Гай широко раскрыл глаза.
— Я?! — Он издал злобный смешок. — Простите, если я смеюсь над этим. Только не думаю, что мое присутствие у ее смертного одра вдохнет в нее новые силы к жизни. Очень сомневаюсь! Наверняка ваш сын в этом смысле действует на нее гораздо благотворнее.
Флоренс Грин сгорала от стыда. Она была гордой женщиной, и никогда в жизни ей еще не приходилось переживать такого унижения. Она окончательно прониклась антипатией к этому человеку. С каждой минутой ее сочувствие к Люсии возрастало. Разве может какая-нибудь женщина полюбить Гая Нортона? Да еще такая нежная, чувствительная натура с ранимым сердцем? Наверное, все романтические порывы умерли в душе юной Люсии с первых же дней медового месяца с таким типом.
— Мистер Нортон, — сказала она. — Думаю, вы догадываетесь, зачем я пришла. Разумеется, Люсия не ждет, что вы прибежите ее навестить. Ей нужны дети. Она мучительно переживает разлуку с ними, что, в конце концов и стало причиной ее болезни. Не знаю, правы вы или нет, не позволяя ей видеться с дочерьми. Закон дает вам такую возможность, и не мне его оспаривать. Но одно я знаю точно: Люсия была хорошей матерью, она любила своих детей и не вынесла разлуки. Тоска по ним подтачивала ее силы, и вот теперь ее жизнь в опасности. Да, она любит моего сына, но ее материнские чувства были так сильны, что она совсем пала духом. Впрочем, у нее еще есть шанс выжить, но только если вы, хотя бы на время, отмените свой запрет на свидание с детьми.
Гай выслушал эту речь в молчании. Потом откашлялся, тщательно высморкался и пробормотал:
— Прошу прощения. Я сильно простужен.
Миссис Грин стиснула зубы. У нее впервые в жизни появилось желание нагрубить человеку. Ей не терпелось выложить Гаю Нортону все, что она думает о нем, о его поведении, о его натуре. Он был отвратительным хамом. Возможно, многие сочли бы, что он стал таким после измены Люсии, но это его не извиняло. И потом, Флоренс не верила, что в результате развода человек может так резко измениться. Этот Гай Нортон наверняка всегда был таким: самовлюбленным, ограниченным, эгоистичным до жестокости.

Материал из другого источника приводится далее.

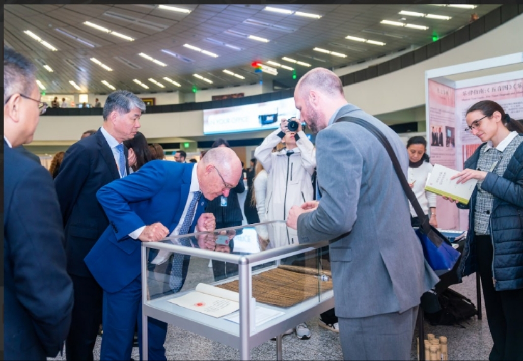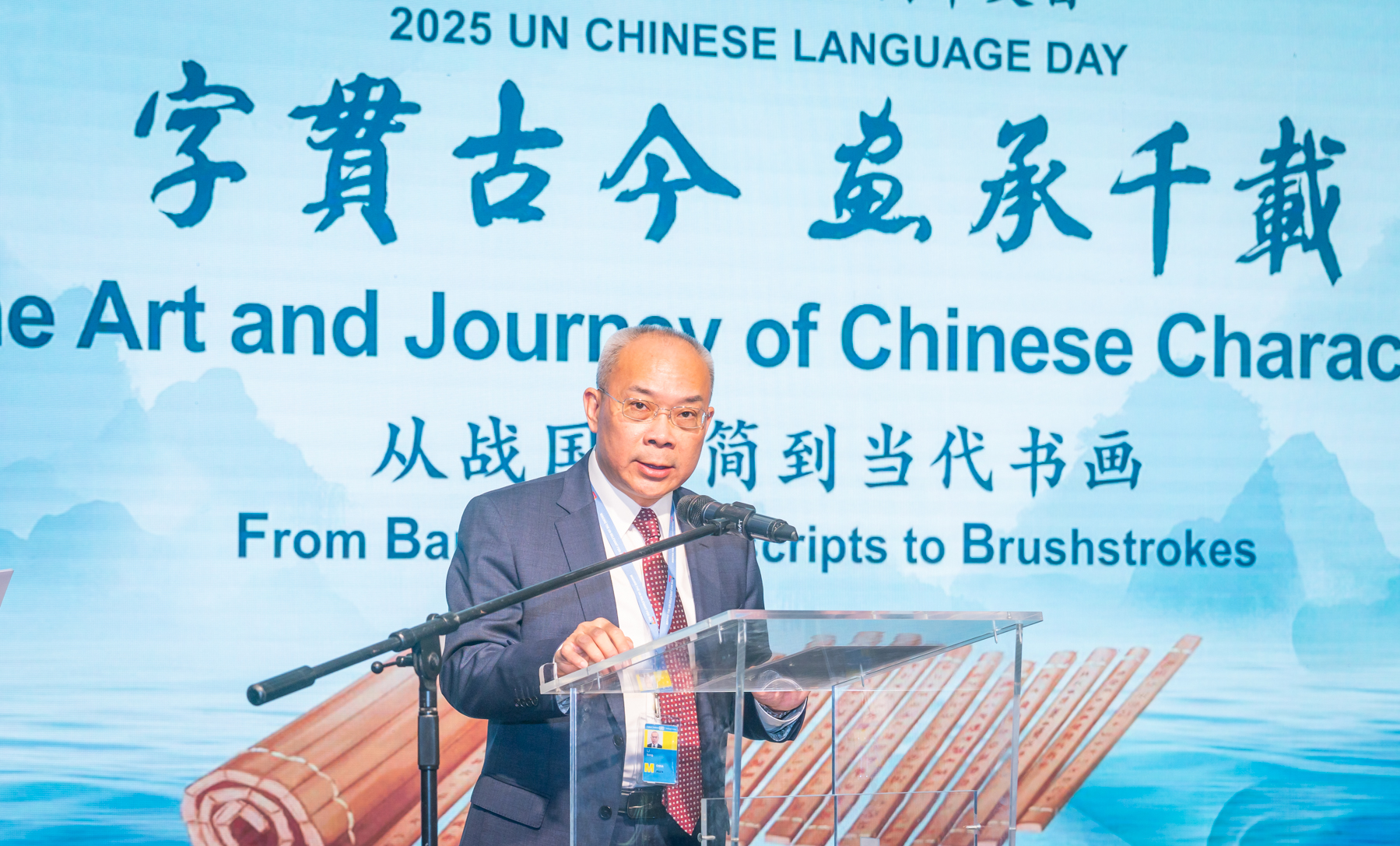 此次中文日活动以“字贯古今 画承千载——从战国竹简到当代书画”为主题,由中国常驻维也纳代表团、维也纳联合国办事处主办,中央数字电视书画频道、清华大学、安徽大学、吉林大学协办,共同为维也纳联合国总部献上了一场中国文化盛宴。清华大学副校长彭刚、数字电视书画频道董事局主席王平在开幕式上致辞,探讨了文字、文化、文明三者之间的紧密关系和文明交流互鉴的重要意义。

— Мистер Нортон, — проговорила она, — прошу вас во имя милосердия позволить своим дочерям приехать из школы и навестить больную мать. Вполне возможно, что это вернет ее к жизни и поможет справиться с болезнью.
— Не вижу никаких причин, почему я должен менять свое решение. И не уговаривайте меня. Барбара и Джейн не увидят своей матери, пока она не выйдет замуж.
— Но вы понимаете, что Люсия может не дожить до этого?
— Не я буду тому виной.
— Косвенно в этом будет и ваша вина, потому что именно разлука с детьми послужила такому роковому ухудшению ее здоровья.
Он пожал плечами:
— Простите, но я сомневаюсь в любви Люсии к детям после того, как она их бросила и уехала с любовником!
Миссис Грин мысленно обратилась к Всевышнему с просьбой даровать ей терпение.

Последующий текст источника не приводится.